It can be hard to hide in today’s digital culture where people’s lives can be tracked and documented in detail. At the same time, the Internet offers infinite opportunities to recreate and manipulate one’s image, to hide behind avatars or clone oneself on social media. In her first solo exhibition at MUNCH, Sandra Mujinga (b. 1989) uses new technology as a point of departure for examining the role of shadows, and the shift between opacity and visibility. In one of the museum’s most spectacular exhibition spaces with its eight-meter high ceiling, Mujinga has created an installation in which three monster-like sculptures project moving images of a figure – an avatar Mujinga has created – through translucent glass walls. Visitors’ shadows merge with the figure’s, whose form is inspired by cartoon superheroes, science fiction and what the artist refers to as “speculative deep sea creatures”. The figure can be described as “post-human” in that it is neither animal nor human, real or imaginary, but a shapeshifter. The installation is bathed in Mujinga’s characteristic green light, which creates an alienating, almost ethereal atmosphere in the exhibition space.

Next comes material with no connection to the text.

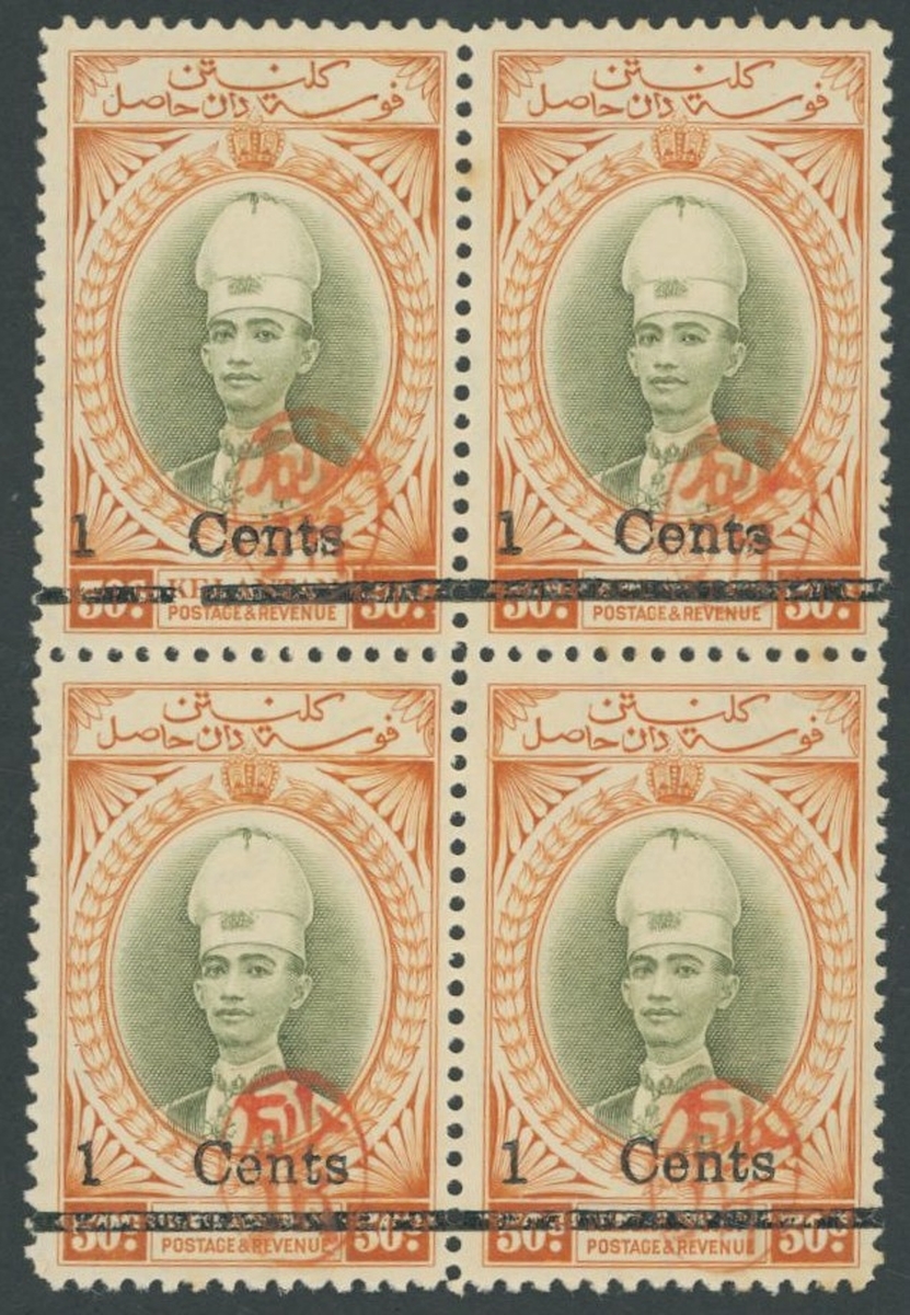 1c. on 50. grey-olive and orange block of four, unused without gum, fine. A scarce multiple. ISC JK16, $4,000; S.G. J32, £1,300

In her mediation project, Zeenat Amiri (b. 1988) has worked closely with Salam, the organisation for queer Muslims in Norway. Through conversations and surveys, Amiri has developed an alternative form of museum spectatorship that emphasises live experience over existing knowledge. In close dialogue with Salam’s members, Amiri has explored how to facilitate positive encounters with art exhibitions for young people from diverse cultural backgrounds. The outcome of Amiri’s discursive mapping is a mediation project concerned with taking up space and trusting one’s own voice when experiencing contemporary art.
This is the first edition of SOLO OSLO, a series of solo exhibitions at MUNCH made possible by a collaboration with Talent Norge and Canica.